Work instruction =
Write out the listing below in its entirety, minus the pictures, without changing a word.

Source material =
----

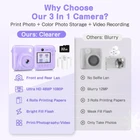 Kids Camera Instant Print, Dual-Lens 48MP Digital Camera for Christmas Birthday Gifts, 1080P Selfie Instant Cameras for Kids with 32GB Card, Instant Print Digital Camera for Girls Boys-Purple MORE BENEFITS 📷 Dual-lens Instant Print Camera: 3-in-1 front and rear digital camera can take selfies to capture wonderful moments in HD during festivals or travels; The kids camera has an instant printing function that can print black and white photos in just 1S fast. 32GB card can also store over 2500+ color photos for printing anytime, anywhere; FHD 1080P video camera take selfies and blogs anytime. Black and white printing+color storage+video recording with dual-lens photography, very convenient! 📷 Upgraded 48MP Instant Camera: This print digital camera has been upgraded to 48MP super HD pixels to take clear photos! The kids camera has a 2.4-inch screen, 1080P video, 16x digital zoom, fill light, time-lapse photography, continuous shooting, timer, playback, 25+ filters and sticker frame, and selfies. Anime sketches, photography, painting, 1080P recording, and taking selfies during holidays are a favorite form of entertainment for families and children. 📷Safe Durable Material: Kids instant camera adopts advanced thermal printing technology, the printing paper materials are safe and environmentally friendly, odor-free, and non-toxic, which is safer and more assured. High-quality soft shockproof shell and long neck strap effectively protect portable travel camera against drops. Safe and reliable toys let parents needn't worry. It can be connected to a computer through a USB-C cable to transfer photos or videos from the camera. 📷Portable & Long Battery Life: The potable instant print camera allows for faster charging and saves time. After fully charging, the travel compact camera can continuously take photos or record videos for 3-4 hours! Camera with 1*32GB micro SD card can store 2500+ photos(MAX 128GB). Whether used by children, teens, or adults, it can be filmed anytime, anywhere, capturing every beautiful and joyful moment. 📷Creative Gift for Kids: Aasonida print toddler camera is educational and interactive and this mini vlogging camera toy is the ideal birthday, Easter, Christmas, Childrens 'Day holiday gifts for boys girls aged 3-12. Let your children have their own cameras and stay away from your smartphones. Your kids will have their own fun camera to discover surprises in life, reduce game hazards, and stay away from electronic devices such as phones.
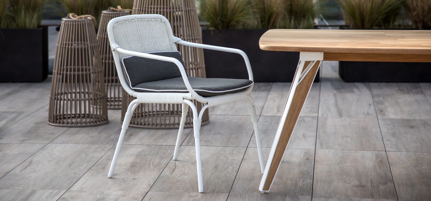 Amy is a sophisticated assortment of dining chairs that will enhance the elegance and style of any dining setting. This collection presents two unique choices, each intricately designed with meticulous attention to detail. The first option showcases the allure of aluminum spokes, contributing a sleek and modern ambiance. Its impeccable contours and delicate lines make it an excellent selection for individuals in search of a contemporary aesthetic. Alternatively, the second chair showcases skillfully woven elements, adding a touch of refinement and traditional allure. Both options assure optimal comfort and durability, establishing Amy as the perfect choice for those who value exquisite craftsmanship and impeccable design.
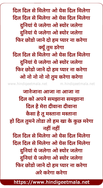 Lyrics of Dil Dil Se Milega - दिल दिल से मिलेगा

----

Solved problem =
 Kids Camera Instant Print, Dual-Lens 48MP Digital Camera for Christmas Birthday Gifts, 1080P Selfie Instant Cameras for Kids with 32GB Card, Instant Print Digital Camera for Girls Boys-Purple MORE BENEFITS 📷 Dual-lens Instant Print Camera: 3-in-1 front and rear digital camera can take selfies to capture wonderful moments in HD during festivals or travels; The kids camera has an instant printing function that can print black and white photos in just 1S fast. 32GB card can also store over 2500+ color photos for printing anytime, anywhere; FHD 1080P video camera take selfies and blogs anytime. Black and white printing+color storage+video recording with dual-lens photography, very convenient! 📷 Upgraded 48MP Instant Camera: This print digital camera has been upgraded to 48MP super HD pixels to take clear photos! The kids camera has a 2.4-inch screen, 1080P video, 16x digital zoom, fill light, time-lapse photography, continuous shooting, timer, playback, 25+ filters and sticker frame, and selfies. Anime sketches, photography, painting, 1080P recording, and taking selfies during holidays are a favorite form of entertainment for families and children. 📷Safe Durable Material: Kids instant camera adopts advanced thermal printing technology, the printing paper materials are safe and environmentally friendly, odor-free, and non-toxic, which is safer and more assured. High-quality soft shockproof shell and long neck strap effectively protect portable travel camera against drops. Safe and reliable toys let parents needn't worry. It can be connected to a computer through a USB-C cable to transfer photos or videos from the camera. 📷Portable & Long Battery Life: The potable instant print camera allows for faster charging and saves time. After fully charging, the travel compact camera can continuously take photos or record videos for 3-4 hours! Camera with 1*32GB micro SD card can store 2500+ photos(MAX 128GB). Whether used by children, teens, or adults, it can be filmed anytime, anywhere, capturing every beautiful and joyful moment. 📷Creative Gift for Kids: Aasonida print toddler camera is educational and interactive and this mini vlogging camera toy is the ideal birthday, Easter, Christmas, Childrens 'Day holiday gifts for boys girls aged 3-12. Let your children have their own cameras and stay away from your smartphones. Your kids will have their own fun camera to discover surprises in life, reduce game hazards, and stay away from electronic devices such as phones.
 Amy is a sophisticated assortment of dining chairs that will enhance the elegance and style of any dining setting. This collection presents two unique choices, each intricately designed with meticulous attention to detail. The first option showcases the allure of aluminum spokes, contributing a sleek and modern ambiance. Its impeccable contours and delicate lines make it an excellent selection for individuals in search of a contemporary aesthetic. Alternatively, the second chair showcases skillfully woven elements, adding a touch of refinement and traditional allure. Both options assure optimal comfort and durability, establishing Amy as the perfect choice for those who value exquisite craftsmanship and impeccable design.
 Lyrics of Dil Dil Se Milega - दिल दिल से मिलेगा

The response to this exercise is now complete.